3) Digital Destination Management and Visitor Experience:
Support clients to design and implement digital destination management solutions, including:
- visitor information and service portals (web/mobile)
- digital maps and wayfinding, accessibility features, multilingual support
- ticketing/reservations and visitor flow management where appropriate
- feedback/grievance and service quality monitoring
- crisis communications and incident response mechanisms
Promote omnichannel service design across web, mobile, on-site kiosks, call centers, and physical points of service to ensure inclusive access for diverse users.
Support "life-event" and journey-based service models for visitors and operators (e.g., arriving moving staying experiencing departing) and ensure solutions integrate with broader government digital systems where relevant.

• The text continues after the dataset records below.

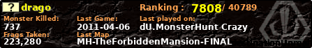 drago | | PlayerID: | 3794 | | Overall MHT: | 223,280 | | Overall Deaths: | 140 | | Overall Suicides: | 0 | | Overall TeamKills: | 1 | | Overall Distance traveled: | 78km | | Overall Time Spend on Server: | 00days 05h 47m 26s | | Maps Played: | 15 | | Firstgame: | 2011-03-23 21:34:46 | | LastGame: | 2011-04-06 22:45:14 | | Player Ranking Place: | 7808 | | Used Playernames: | drago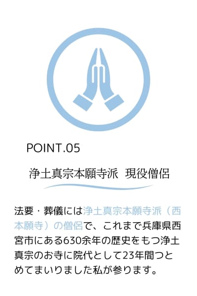 浄土真宗本願寺派(西本願寺)の僧侶であり、これまで兵庫県西宮市にある630余年の歴史をもつ浄土真宗のお寺に院代として23年間つとめてまいりました。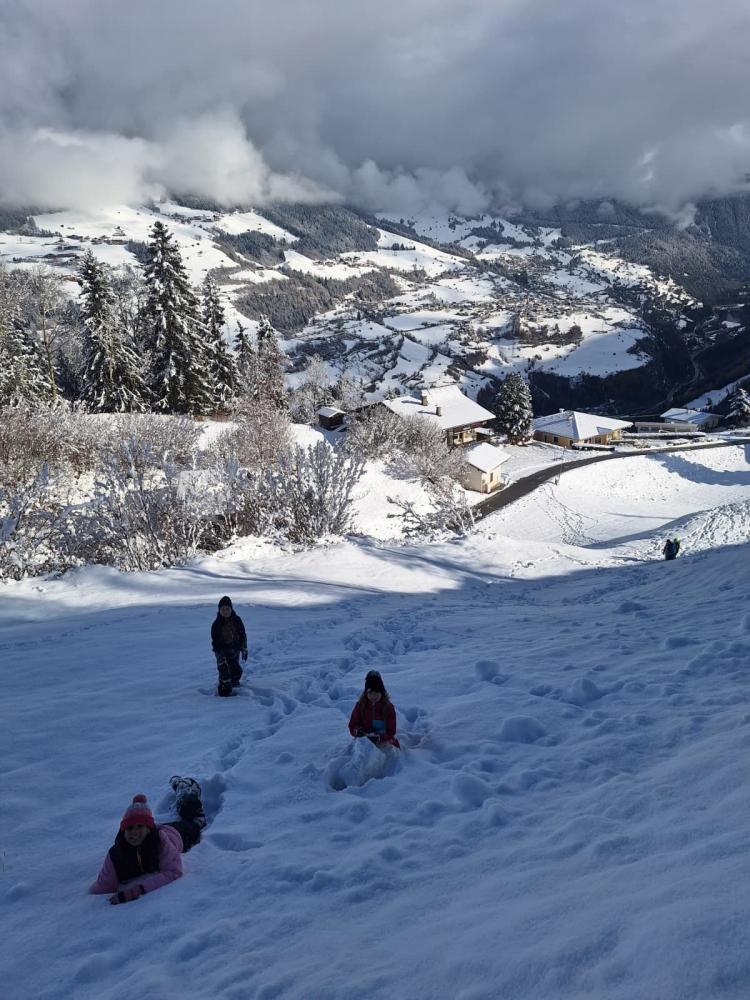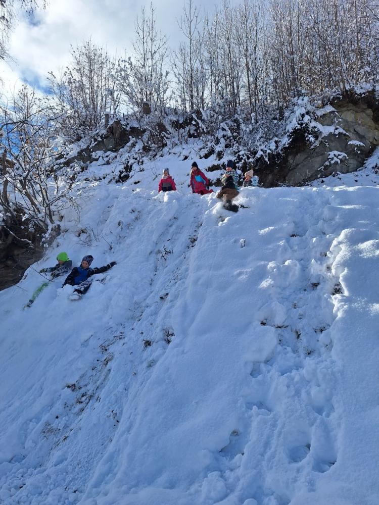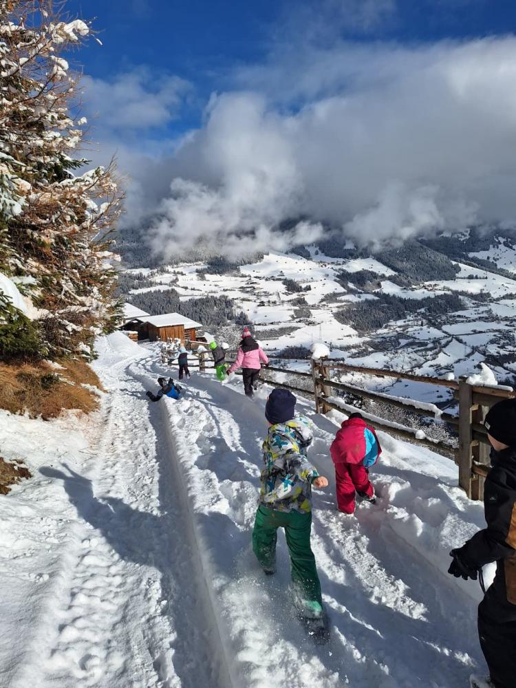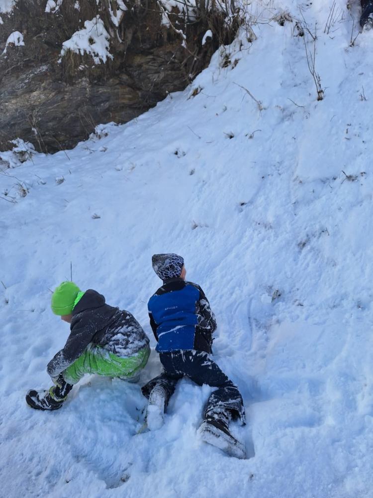 Den Spaziergang in den Weihnachtswald nutzten wir auch noch für eine kleine Rutschpartie im Schnee.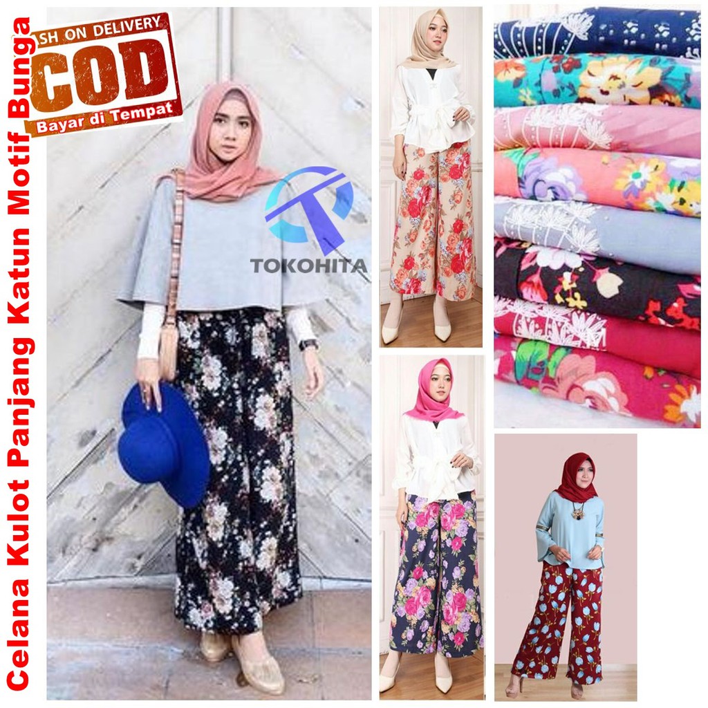 Celana Kulot Panjang Bahan Katun Motif Bunga Kembang | Shopee Indonesia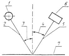 1 - источник света; 2 - ось светового пучка, падающего на образец; 3 - угол падения; 4 - угол отражения; 5 - ось светового пучка, отраженного от образца; 6 - фотоприемник; 7 - плоскость измерений

4) Tourism Enterprise Digitization and Ecosystem Enablement:

Advise on interventions to accelerate digital adoption by tourism SMEs (hotels, guides, tour operators, artisans, restaurants), including digital skills, online presence, e-commerce readiness, CRM adoption, and participation in digital marketplaces.
Support design of shared digital services for SMEs (e.g., booking integrations, payments enablement, digital ID verification where appropriate, e-invoicing, basic cybersecurity hygiene toolkits), reducing costs and increasing uptake.
Provide guidance on enabling environment issues such as consumer trust, cyber risk management, online dispute resolution, and quality assurance mechanisms in platform-mediated tourism.
5) Sustainability, Heritage, and Resilience Enablement:
Support digital approaches to monitor and manage sustainability and heritage protection, including visitor carrying capacity, environmental indicators, protected area management, and community benefits tracking.
Advise on integrating climate and hazard information into tourism planning and operations (e.g., early warning, business continuity, asset risk screening) and develop practical playbooks for crisis readiness and recovery.
Where appropriate, support design and testing of destination digital twins or similar decision-support tools, with realistic assessment of data readiness and operational capacity.

6) Operational Support, Capacity Building, and Knowledge:

Provide hands-on support to World Bank operations: concept notes, project design inputs, TORs/technical specifications, implementation supervision, and results measurement frameworks.
Deliver training, workshops, and coaching for client counterparts on digital strategy, data governance, service design, and implementation practices.
Contribute to knowledge products (case studies, guidance notes, templates) and communities of practice to scale proven approaches across regions.